Publié : le 6 mars 2013 à 17:47 | Par | Catégorie: Analyses de l'actualité

La carte de mutuelle pose problème à de nombreux Rwandais et en particulier aux habitants de Rubavu . Celui qui ne l’a pas ou n’a pas encore payé le montant de la carte peut être arrêté par les forces de l’ordre (Local defense forces) qui le contraignent à la payer.

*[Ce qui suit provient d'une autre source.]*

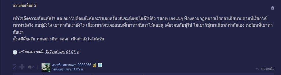 “เข้าใจถึงความคับแค้นใจ แต่ อย่าไปคิดแก้แค้นอะไรเลยครับ มันจะส่งผลไม่ดีให้ตัว จขกท เองแน่ๆ ฟ้องตามกฏหมายเรียกค่าเสียหายตามที่เรียกได้ เขาทำยังไง คบชู้ยังไง เขาทำกับเรายังไง เดี๋ยวเขาก็จะเจอแบบที่เขาทำกับเราไว้คอยดู เดี๋ยวคบกับชู้ไป ไม่เขาก็ชู้เขาเดี๋ยวก็ทำกันเอง เหมือนที่เขาทำกับเรา ตั้งสติดีๆครับ ทุกอย่างมีทางออก เป็นกำลังใจให้ครับ”

 Mardi 26 février 2013, un habitant de Rubavu a témoigné anonymement sous les ondes de BBC Gahuza de la rafle de nombreuses personnes parmi lesquelles un de ses proches qui a été arrêté au travail car il n’avait pas pris sa carte de mutuelle. La descente de police a donné lieu à de nombreuses détentions à la station de police de Kanama. Intérrogé sur cette rafle, il déclare: 

«  Hier, vers 11h30, la police, la Local defense force et les autorités de la province et du district sont descendus à Mahoko situé dans le secteur de Kanama, district de Rubavu pour vérifier les cartes de mutuelle des habitants. Ils ont commencé au marché de Mahoko ; ils demandaient aux villageois de présenter leurs cartes de mutuelle et quand ces derniers ne l’avaient pas, ils étaient conduits à la station de police de Kanama. C’est dans ce cadre que mon frère a été arrêté, il avait oublié sa carte à la maison et les autorités lui ont rappelé qu’il est obligatoire d’avoir toujours sur soi sa carte de mutuelle. Mais cela n’a pas toujours été ainsi. En effet, grâce aux diverses campagnes de sensibilisation, les Rwandais, même dans les campagnes, ont compris la nécessité d’avoir une mutuelle de santé mais n’ont jamais été avertis qu’adhérer à une mutuelle était devenu une obligation passible de sanctions comme ce fut le cas aujourd’hui. Aujourd’hui, aucun villageois ne pouvait entrer au marché sans présenter sa carte de mutuelle. En route, on demandait aux gens de présenter leur carte de mutuelle; dans le cas contraire, ces derniers étaient conduits à la station de police. A la station de police de Kanama, on pouvait trouver de vieux messieurs, de dames très âgées et de jeunes gens arrêtés parce qu’ils n’avaient pas de mutuelle.
Avant les villageois pouvaient acheter une carte de mutuelle pour se soigner mais ce n’était pas une obligation, mais maintenant les villageois doivent toujours porter sur eux leur carte de mutuelle au même titre que les papiers d’identité. Parmi ces gens, il y’en a qui n’ont effectivement pas acheté de carte de mutuelle et il y en a qui en ont souscrit une mais qui n’ont pas encore d’argent pour la régler. Les autorités eux considèrent qu’on doit avoir une mutuelle quelque soit la raison. Avant la mutuelle coûtait 1 000 FRW (2$) par personne mais la loi a changé et elle coûte maintenant 3 000 FRW par personne et est valable pour 6 mois.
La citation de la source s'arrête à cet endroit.